A Transit Oriented Development Fable

by Tara R.
(California)

Once upon a time there was a little light rail system that didn't think it was anything special. It didn't think that it deserved to have potential riders living feet away, it didn't think that any of its riders would buy a cup of coffee or drop off any dry cleaning, and it was absolutely certain that nobody would like to hear a good bluesman strumming a guitar within a three-minute walk.

No, this little light rail (we call him L.R. for short) was pretty sure that only ugly industrial buildings with tin roofs would like to hang out with him. Oh, and maybe people that sell used ranges and washers.

That was before Mr. Can-Do came to down. Mr. Can-Do lived in Prosperous Southern Metropolis (P.S.M.) where they actually planned out transit oriented development at every stop. Along L.R. they figured that people would ride and they didn't need to do anything special except wait for federal subsidy.

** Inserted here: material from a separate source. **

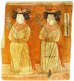 Professor James A. Millward described the original Uyghurs as physically Mongoloid, giving as an example the images in Bezeklik at temple 9 of the Uyghur patrons, until they began to mix with the Tarim Basin's eastern Iranian inhabitants.[14] Buddhist Uyghurs created the Bezeklik murals.[15]

But in P.S.M. they knew people loved their cars, so they'd have to do something really spectacular to get people to give up their cars.

So now in P.S.M., you can live in a big condo or a studio apartment, or live above your store, buy coffee and lunch, catch some jazz, walk to work at the marketing firm, see an outpost exhibit from a major cultural institution, and get ice cream as you're wheeling your toddler out of day care toward home.

If you work downtown, you can go there on transit, come home, and do any of those things, all without getting your car out.

Poor little L.R. needed to figure out what to do, because he was so lonely all the time, except at rush hours. So L.R. asked the big transit landlord for a transit oriented development (TOD).

Maybe we can do that another day, said the landlord.

L.R. wasn't happy. So he called together a few of his friends and asked them to go visit P.S.M. to see how he could get some TOD friends. They said OK.

One day when L.R. was just whizzing between stops, he saw something strange. A lot of commotion, a lot of construction equipment, machines cutting through the brush.

After many days of this strange hyper-activity, L.R. saw it was a big building going up, no, actually several big buildings.

But when L.R. figured out this was a TOD and saw it fill with happy residents, shoppers, and movie goers...then L.R. lived happily ever after.

Editors' Reply: We love it. Tara, you've said it better than we could.

We took a more conventional descriptive route at our transit-oriented development page.

Creating development opportunities through the certainty that comes with fixed transit routes, whichever type they may be, is a good strategy for those who want to increase density, decrease vehicular trips, and improve economic viability without while tamping down the market for suburban sprawl.